- [INSTRUCTIONS FOR THE TASK] Beginning with the first line, return the material verbatim and without pictures.

- [DATA EXCERPT]
▽

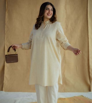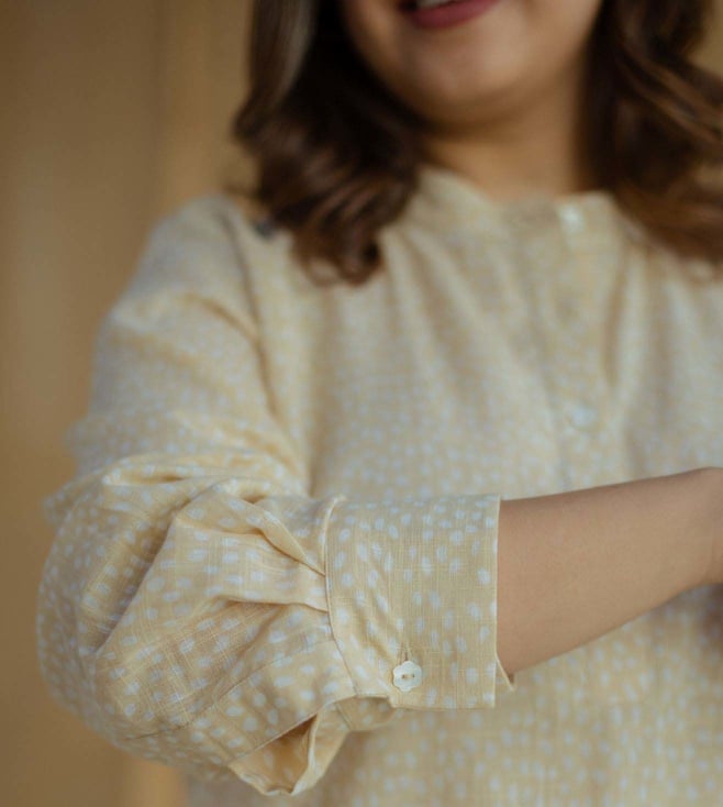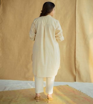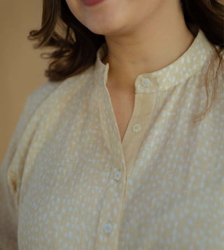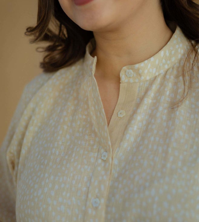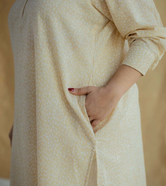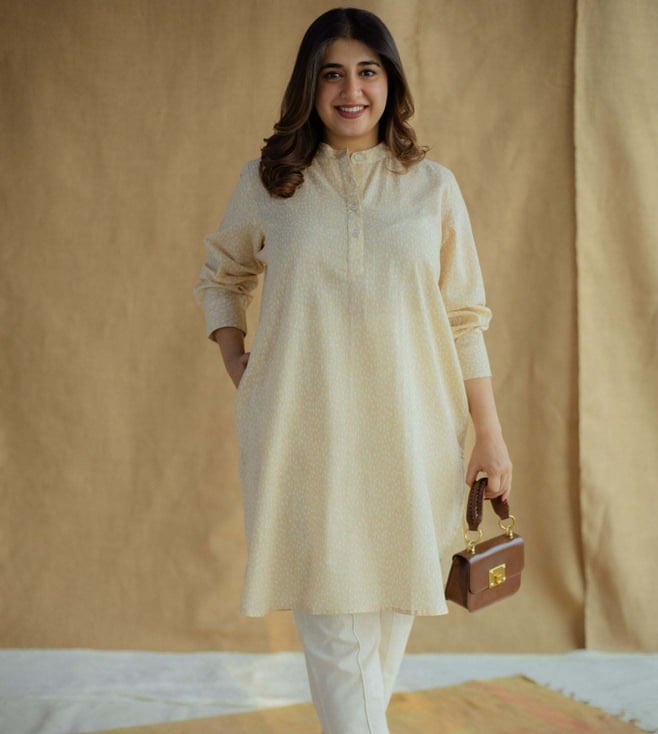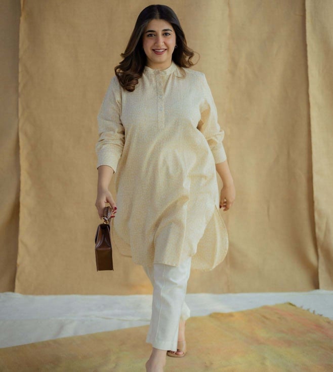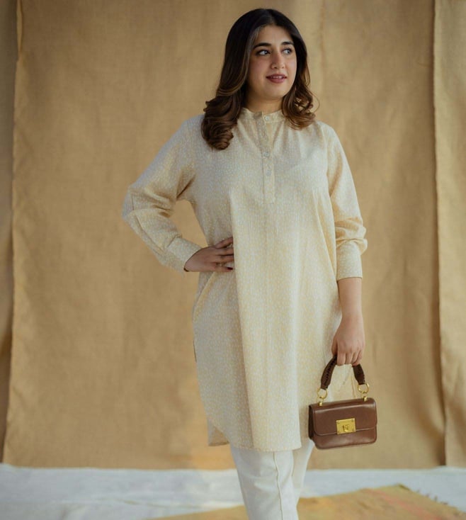 Pump up your style quotient with this beige a-line fit kurta from The Indian Ethnic Co Delilah. Tailored to sartorial perfection from premium quality fabric, it assures a soft and soothing touch against the skin. The mandarin collar augments its design. The printed pattern makes it a captivating choice.
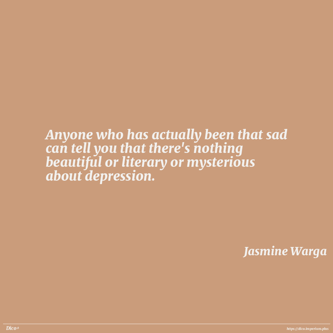 Anyone who has actually been that sad can tell you that there's nothing beautiful or literary or mysterious about depression.
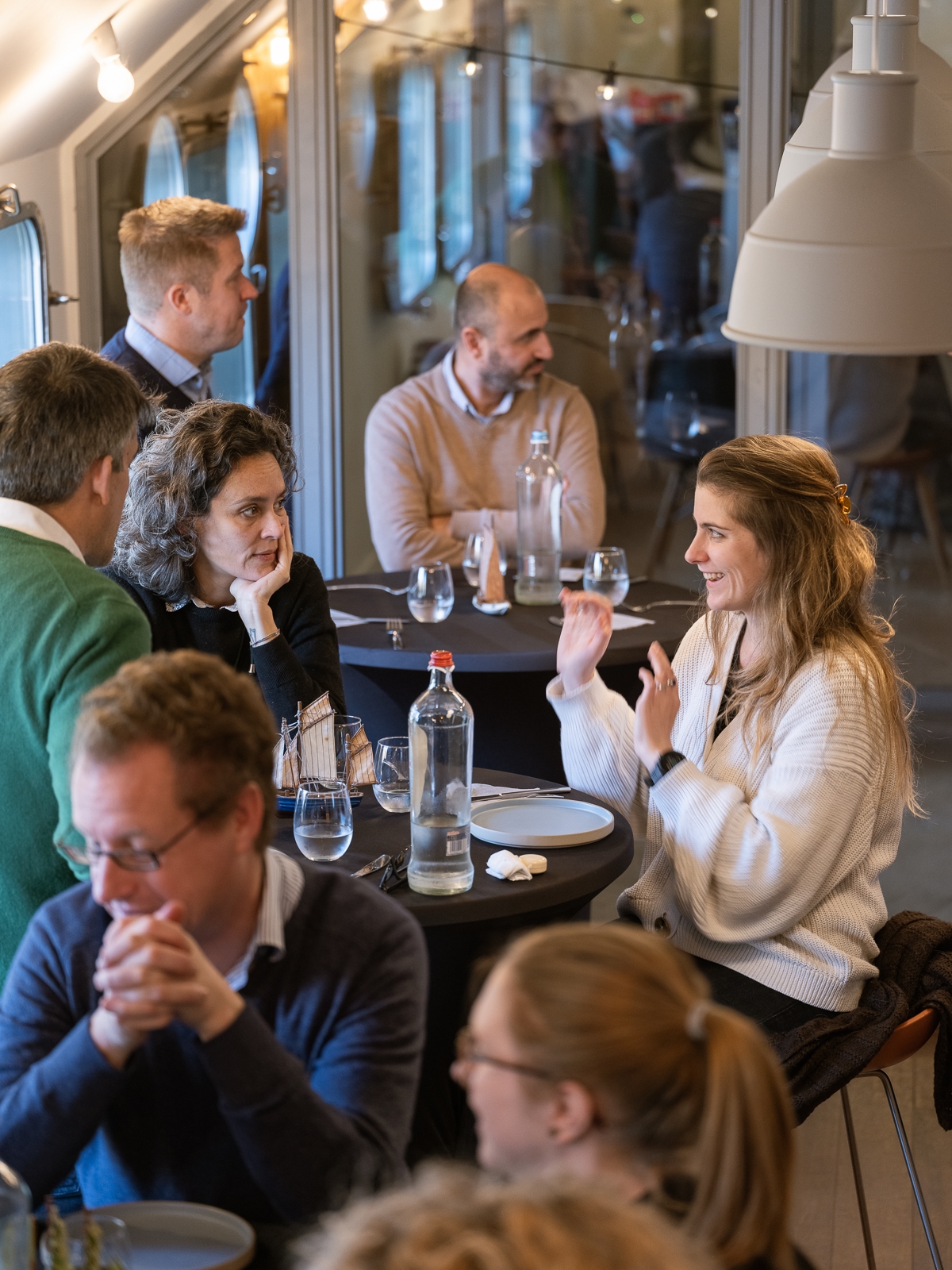 Kris en Birte bouwden hun vrachtschip om tot een heldere en inspirerende ruimte voor vergaderingen, teamwerking, events, feesten, opleidingen, ... Je kan er genieten van het zicht op het water en zijn bewoners (futen, eenden, zwanen, aalscholvers, jachteigenaars) en met een open minded brainstormen, vergaderen, teambuilden, of dineren in ons visrestaurant.
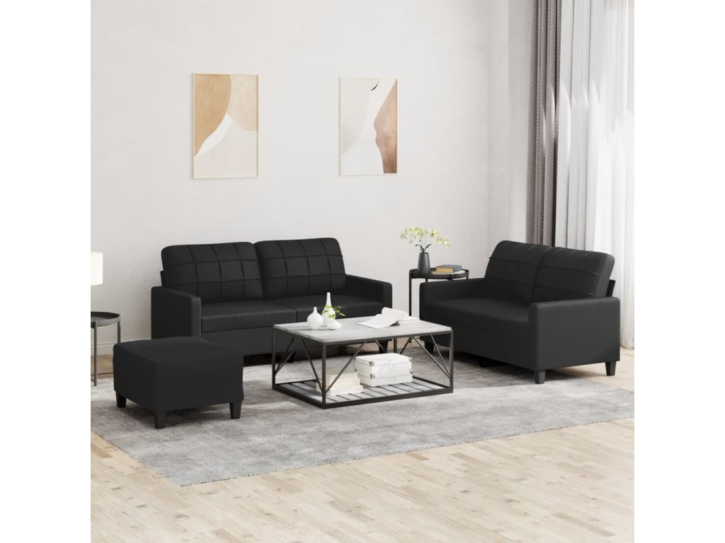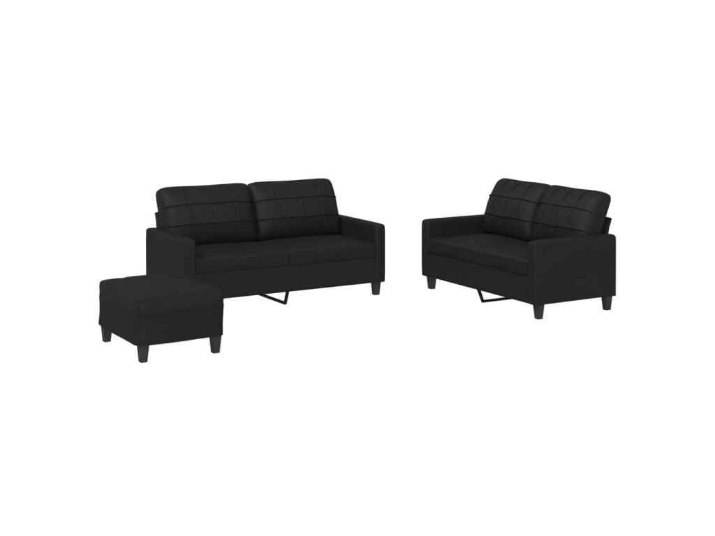 3dílná sedací souprava s poduškami černá umělá kůže 3201363

△

- [ANSWER SPACE]
 Pump up your style quotient with this beige a-line fit kurta from The Indian Ethnic Co Delilah. Tailored to sartorial perfection from premium quality fabric, it assures a soft and soothing touch against the skin. The mandarin collar augments its design. The printed pattern makes it a captivating choice.
 Anyone who has actually been that sad can tell you that there's nothing beautiful or literary or mysterious about depression.
 Kris en Birte bouwden hun vrachtschip om tot een heldere en inspirerende ruimte voor vergaderingen, teamwerking, events, feesten, opleidingen, ... Je kan er genieten van het zicht op het water en zijn bewoners (futen, eenden, zwanen, aalscholvers, jachteigenaars) en met een open minded brainstormen, vergaderen, teambuilden, of dineren in ons visrestaurant.
 3dílná sedací souprava s poduškami černá umělá kůže 3201363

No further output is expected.